• **Work request**
Could you output each record below exactly as it stands and leave the pictures out?

• **Records to process**
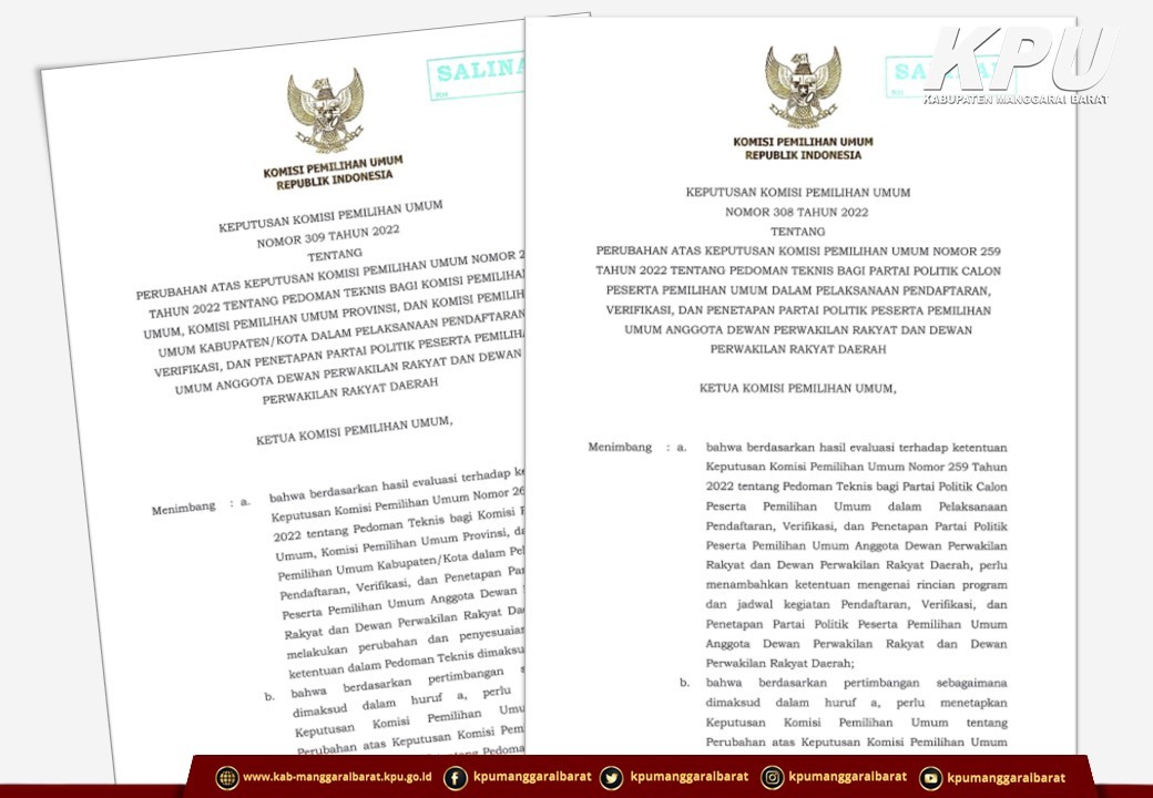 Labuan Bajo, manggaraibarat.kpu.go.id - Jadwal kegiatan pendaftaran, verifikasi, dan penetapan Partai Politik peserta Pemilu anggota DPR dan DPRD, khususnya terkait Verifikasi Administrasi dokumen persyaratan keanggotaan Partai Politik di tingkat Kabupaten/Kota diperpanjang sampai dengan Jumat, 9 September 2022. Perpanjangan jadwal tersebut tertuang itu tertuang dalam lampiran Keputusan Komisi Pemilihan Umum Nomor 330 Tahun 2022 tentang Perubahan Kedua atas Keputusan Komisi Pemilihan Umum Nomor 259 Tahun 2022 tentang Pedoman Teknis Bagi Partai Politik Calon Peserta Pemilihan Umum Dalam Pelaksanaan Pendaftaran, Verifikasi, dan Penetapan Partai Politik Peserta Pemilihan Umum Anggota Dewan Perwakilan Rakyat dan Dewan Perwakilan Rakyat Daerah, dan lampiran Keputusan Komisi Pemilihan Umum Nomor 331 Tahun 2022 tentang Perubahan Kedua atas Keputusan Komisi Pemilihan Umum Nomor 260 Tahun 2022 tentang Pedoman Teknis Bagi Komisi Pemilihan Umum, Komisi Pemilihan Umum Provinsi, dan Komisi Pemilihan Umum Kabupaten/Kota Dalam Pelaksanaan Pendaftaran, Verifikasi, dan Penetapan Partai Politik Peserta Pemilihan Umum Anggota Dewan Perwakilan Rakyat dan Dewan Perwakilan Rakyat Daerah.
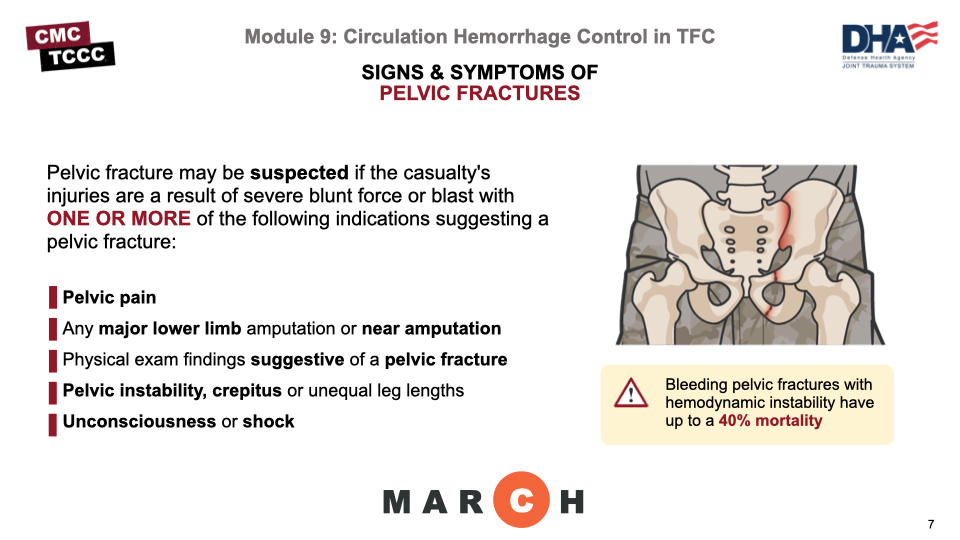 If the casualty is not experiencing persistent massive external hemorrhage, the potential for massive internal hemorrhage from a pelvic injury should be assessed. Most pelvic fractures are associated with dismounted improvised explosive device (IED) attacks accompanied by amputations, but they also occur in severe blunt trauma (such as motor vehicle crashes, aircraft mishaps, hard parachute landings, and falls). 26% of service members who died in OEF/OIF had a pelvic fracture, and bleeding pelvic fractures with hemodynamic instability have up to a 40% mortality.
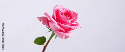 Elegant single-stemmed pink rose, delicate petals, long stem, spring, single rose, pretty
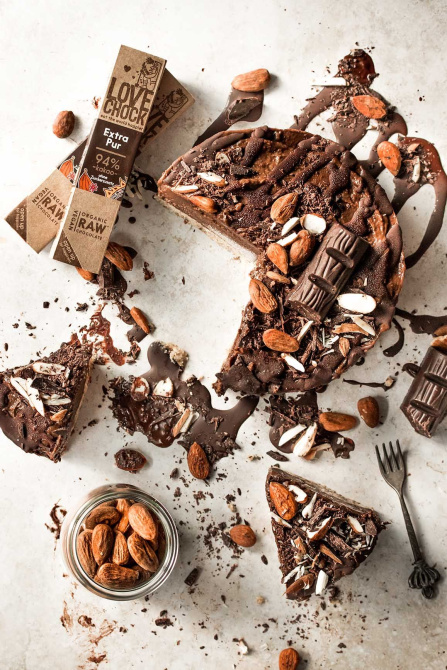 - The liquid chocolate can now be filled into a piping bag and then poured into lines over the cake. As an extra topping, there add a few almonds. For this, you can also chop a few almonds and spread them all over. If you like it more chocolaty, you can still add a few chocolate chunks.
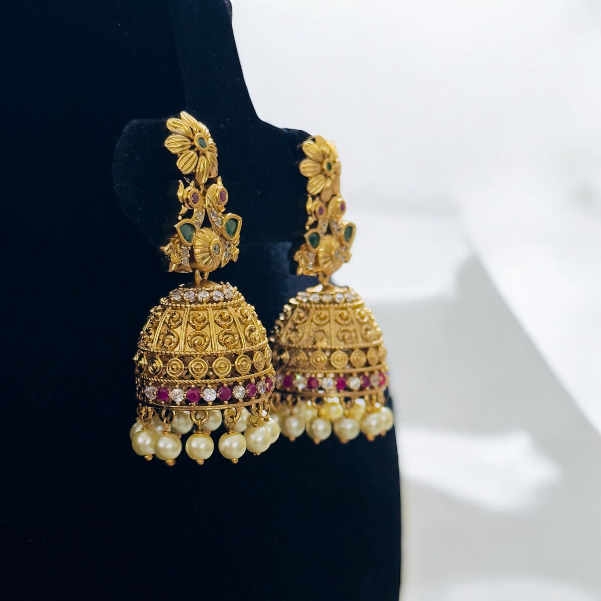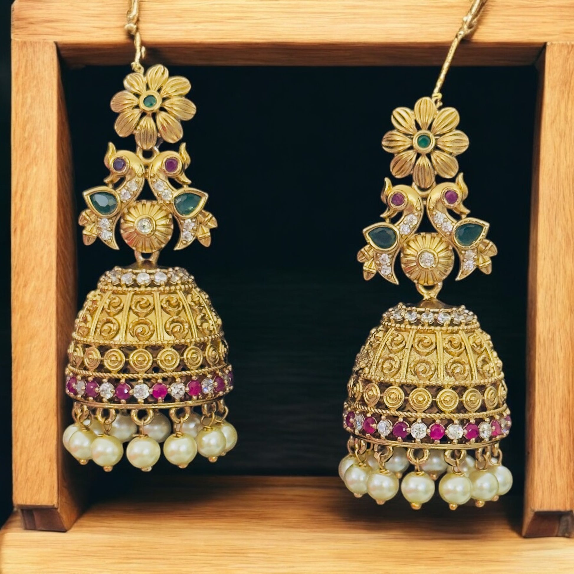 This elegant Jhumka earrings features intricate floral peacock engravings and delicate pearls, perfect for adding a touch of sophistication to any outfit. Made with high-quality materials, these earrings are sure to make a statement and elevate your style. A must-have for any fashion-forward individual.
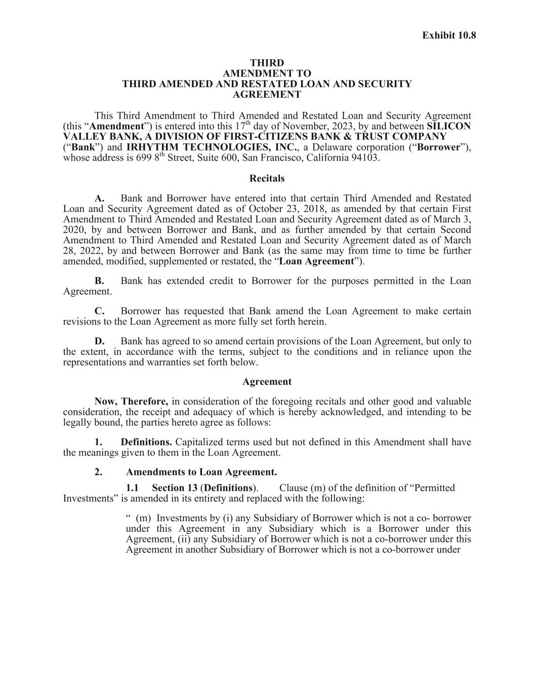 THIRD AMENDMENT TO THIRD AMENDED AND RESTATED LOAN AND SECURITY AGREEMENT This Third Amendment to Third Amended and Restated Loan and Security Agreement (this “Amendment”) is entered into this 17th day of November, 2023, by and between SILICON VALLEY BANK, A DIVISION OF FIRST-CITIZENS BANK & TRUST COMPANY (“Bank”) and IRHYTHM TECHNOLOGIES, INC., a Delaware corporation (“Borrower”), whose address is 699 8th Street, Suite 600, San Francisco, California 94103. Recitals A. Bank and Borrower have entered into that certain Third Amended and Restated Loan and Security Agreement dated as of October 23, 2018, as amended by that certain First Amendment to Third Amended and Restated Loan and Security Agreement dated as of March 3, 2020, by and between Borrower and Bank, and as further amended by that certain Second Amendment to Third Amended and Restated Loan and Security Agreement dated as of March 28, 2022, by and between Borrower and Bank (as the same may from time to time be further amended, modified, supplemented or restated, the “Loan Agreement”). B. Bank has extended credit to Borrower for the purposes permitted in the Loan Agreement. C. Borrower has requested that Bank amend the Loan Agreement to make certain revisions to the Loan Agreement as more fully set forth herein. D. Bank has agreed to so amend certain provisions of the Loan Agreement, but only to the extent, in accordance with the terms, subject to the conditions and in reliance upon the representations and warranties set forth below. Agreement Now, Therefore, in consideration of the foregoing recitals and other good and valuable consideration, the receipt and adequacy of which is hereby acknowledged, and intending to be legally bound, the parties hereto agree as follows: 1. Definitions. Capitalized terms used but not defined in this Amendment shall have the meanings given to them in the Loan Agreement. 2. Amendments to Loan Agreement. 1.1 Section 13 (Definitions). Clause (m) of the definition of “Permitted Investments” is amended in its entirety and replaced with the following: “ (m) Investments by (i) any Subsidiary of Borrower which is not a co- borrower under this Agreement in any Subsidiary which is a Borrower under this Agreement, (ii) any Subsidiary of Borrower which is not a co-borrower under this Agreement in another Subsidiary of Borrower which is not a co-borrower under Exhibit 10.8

• **Your response**
 Labuan Bajo, manggaraibarat.kpu.go.id - Jadwal kegiatan pendaftaran, verifikasi, dan penetapan Partai Politik peserta Pemilu anggota DPR dan DPRD, khususnya terkait Verifikasi Administrasi dokumen persyaratan keanggotaan Partai Politik di tingkat Kabupaten/Kota diperpanjang sampai dengan Jumat, 9 September 2022. Perpanjangan jadwal tersebut tertuang itu tertuang dalam lampiran Keputusan Komisi Pemilihan Umum Nomor 330 Tahun 2022 tentang Perubahan Kedua atas Keputusan Komisi Pemilihan Umum Nomor 259 Tahun 2022 tentang Pedoman Teknis Bagi Partai Politik Calon Peserta Pemilihan Umum Dalam Pelaksanaan Pendaftaran, Verifikasi, dan Penetapan Partai Politik Peserta Pemilihan Umum Anggota Dewan Perwakilan Rakyat dan Dewan Perwakilan Rakyat Daerah, dan lampiran Keputusan Komisi Pemilihan Umum Nomor 331 Tahun 2022 tentang Perubahan Kedua atas Keputusan Komisi Pemilihan Umum Nomor 260 Tahun 2022 tentang Pedoman Teknis Bagi Komisi Pemilihan Umum, Komisi Pemilihan Umum Provinsi, dan Komisi Pemilihan Umum Kabupaten/Kota Dalam Pelaksanaan Pendaftaran, Verifikasi, dan Penetapan Partai Politik Peserta Pemilihan Umum Anggota Dewan Perwakilan Rakyat dan Dewan Perwakilan Rakyat Daerah.
 If the casualty is not experiencing persistent massive external hemorrhage, the potential for massive internal hemorrhage from a pelvic injury should be assessed. Most pelvic fractures are associated with dismounted improvised explosive device (IED) attacks accompanied by amputations, but they also occur in severe blunt trauma (such as motor vehicle crashes, aircraft mishaps, hard parachute landings, and falls). 26% of service members who died in OEF/OIF had a pelvic fracture, and bleeding pelvic fractures with hemodynamic instability have up to a 40% mortality.
 Elegant single-stemmed pink rose, delicate petals, long stem, spring, single rose, pretty
 - The liquid chocolate can now be filled into a piping bag and then poured into lines over the cake. As an extra topping, there add a few almonds. For this, you can also chop a few almonds and spread them all over. If you like it more chocolaty, you can still add a few chocolate chunks.
 This elegant Jhumka earrings features intricate floral peacock engravings and delicate pearls, perfect for adding a touch of sophistication to any outfit. Made with high-quality materials, these earrings are sure to make a statement and elevate your style. A must-have for any fashion-forward individual.
 THIRD AMENDMENT TO THIRD AMENDED AND RESTATED LOAN AND SECURITY AGREEMENT This Third Amendment to Third Amended and Restated Loan and Security Agreement (this “Amendment”) is entered into this 17th day of November, 2023, by and between SILICON VALLEY BANK, A DIVISION OF FIRST-CITIZENS BANK & TRUST COMPANY (“Bank”) and IRHYTHM TECHNOLOGIES, INC., a Delaware corporation (“Borrower”), whose address is 699 8th Street, Suite 600, San Francisco, California 94103. Recitals A. Bank and Borrower have entered into that certain Third Amended and Restated Loan and Security Agreement dated as of October 23, 2018, as amended by that certain First Amendment to Third Amended and Restated Loan and Security Agreement dated as of March 3, 2020, by and between Borrower and Bank, and as further amended by that certain Second Amendment to Third Amended and Restated Loan and Security Agreement dated as of March 28, 2022, by and between Borrower and Bank (as the same may from time to time be further amended, modified, supplemented or restated, the “Loan Agreement”). B. Bank has extended credit to Borrower for the purposes permitted in the Loan Agreement. C. Borrower has requested that Bank amend the Loan Agreement to make certain revisions to the Loan Agreement as more fully set forth herein. D. Bank has agreed to so amend certain provisions of the Loan Agreement, but only to the extent, in accordance with the terms, subject to the conditions and in reliance upon the representations and warranties set forth below. Agreement Now, Therefore, in consideration of the foregoing recitals and other good and valuable consideration, the receipt and adequacy of which is hereby acknowledged, and intending to be legally bound, the parties hereto agree as follows: 1. Definitions. Capitalized terms used but not defined in this Amendment shall have the meanings given to them in the Loan Agreement. 2. Amendments to Loan Agreement. 1.1 Section 13 (Definitions). Clause (m) of the definition of “Permitted Investments” is amended in its entirety and replaced with the following: “ (m) Investments by (i) any Subsidiary of Borrower which is not a co- borrower under this Agreement in any Subsidiary which is a Borrower under this Agreement, (ii) any Subsidiary of Borrower which is not a co-borrower under this Agreement in another Subsidiary of Borrower which is not a co-borrower under Exhibit 10.8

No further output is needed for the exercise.